# smoking bonless pork butt rolled up? or laid out flat?



## beerface (Feb 15, 2017)

Hello! I am new to these awesome forums but have been smoking a couple years now. I am trying to smoke a boneless pork butt that has been butterflied and bone removed. I dry brine'd it over night twined and rolled it up.  Today i rubbed it. I have electric Masterbuilt smoker. The peice of meat is abour 3.45 lbs. Planned on smoking for about 4 hours at 220f. The question is do I leave it rolled up to smoke it or lay it out flat and smoke it. And would this change any smoking times? thank you for any help


----------



## wild west (Feb 15, 2017)

It will finish quicker flat. You might want to up the temp a little. 220* is a little low. 240 or 250. If you are wanting to pull the roast it likely won't reach 205 in 4 hrs if you leave it tied.


----------



## beerface (Feb 15, 2017)

ok awesome thanks for the help. So If I lay it sort of flat leave it at 220 and for 4 hours should be good? I just want it to turn out amazing


----------



## wild west (Feb 15, 2017)

How thick is the butt when flat? Each butt is different. Time will depend on thickness,amount of connective tissue in the roast and cooker temp.


----------



## beerface (Feb 15, 2017)

well I would say its about 3 inches thick, both pieces when laid out flat. I was going by a general rule of 1 hour per pound of meat for pork butt.


----------



## ab canuck (Feb 15, 2017)

Definitely flat will cook faster, Go by internal temp. It may cook faster or slower depending on the thickness and temp the smoker is set at. 
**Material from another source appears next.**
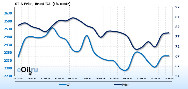 За прошедшую неделю, 09.10.24 — 15.10.24, открытый интерес вырос на 7 тыс. контрактов. Объем вовлеченных в торговлю контрактов составляет 2 359 726 штук. Текущее положение дел на рынке таково, что деньги в течение прошлой недели приходили на рынок поддерживая тенденцию.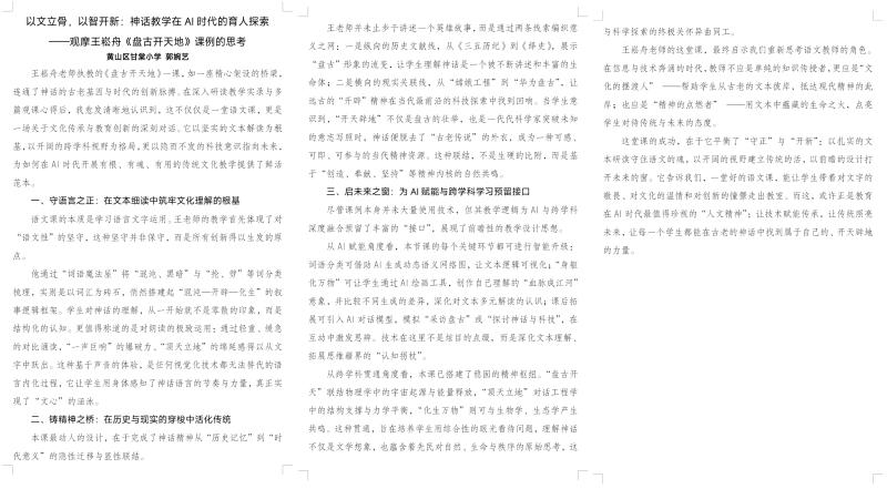 研讨中,大家认为,王老师的课例启示我们:科技不是传统文化的背离,而是其活化传承的新载体。例如,可借助AI生成“盘古开天地”动态画面,让学生“亲眼见证”神话场景;或利用AI工具绘制“神话精神图谱”,梳理“混沌—开天—化身”的叙事逻辑;还可设计“如果盘古活在今天”科幻写作任务,引导学生以AI辅助创作,在古今对话中深化对“开拓、坚持、创造”精神的理解。

 If you get another one you could try rolling it like a Pancetta, Stuff something in it, Spicy sausage, a loin in bacon or whatever your mind comes up with. Let us know how it turns out. Q-View...


----------



## wild west (Feb 15, 2017)

A 3in thick butt should be OK estimating at 1hr per lb. An 8lb butt not butterflied and bone in I would allow 2 hrs per lb at low Temps. If 4 hrs is what you have to work with I would cook it at 240* or 250*and keep an eye on it. Monitor the IT with a remote therm and take it out when it hits 205 IT. If it's nowhere close to that temp at 2 1/2 hrs wrap it in foil with a little apple juice and butter and put it back in the smoker until it hits 205. If it's done early wrap in foil and some old towels and rest it in a cooler until your ready to eat. It's best to rest it for at least an hour anyway.


----------



## chef jimmyj (Feb 15, 2017)

wild west said:


> A 3in thick butt should be OK estimating at 1hr per lb. An 8lb butt not butterflied and bone in I would allow 2 hrs per lb at low Temps. If 4 hrs is what you have to work with I would cook it at 240* or 250*and keep an eye on it. Monitor the IT with a remote therm and take it out when it hits 205 IT. If it's nowhere close to that temp at 2 1/2 hrs wrap it in foil with a little apple juice and butter and put it back in the smoker until it hits 205. If it's done early wrap in foil and some old towels and rest it in a cooler until your ready to eat. It's best to rest it for at least an hour anyway.



Great advice!!!...JJ


----------



## beerface (Feb 15, 2017)

thank you for all the advice! I smoked it at 220 temp for the first 2 hours, then raised it to 235 for now. I laid it flat so It wouldnt take so long per "wild west" directions, so far its coming along amazing. I love the directions about wrapping it with apple juice and tin foil. I will post the results when im done along with exact size and temps for any one else wondering for a smaller boneless pork butt.


----------



## wild west (Feb 16, 2017)

Pictures are always welcome


----------



## schlotz (Feb 16, 2017)

So how did it turn out?


----------



## beerface (Feb 16, 2017)

So the results were fantastic! The meat got done late and I had very hungry people waiting to scarf it up, so I didnt get a picture. I made tacos with the meat. Props to everyone with the great info, it helped me a ton! It took 7 hours for my 3.5 lb bonless pork butt to get to 192f. But at 9:30 pm it was good enough and people needed to eat it. The  first 4-5 hours my smoker temp was at 220f. I then bumped it to 235f to kinda of speed it up. Next time I will start this smoke a lot earlier no matter if its a small butt or not. Here is my recipe, its the best butt I have made yet, one worth sharing. And im sure if you start it on time and leave the temp at 220f it would come out even better.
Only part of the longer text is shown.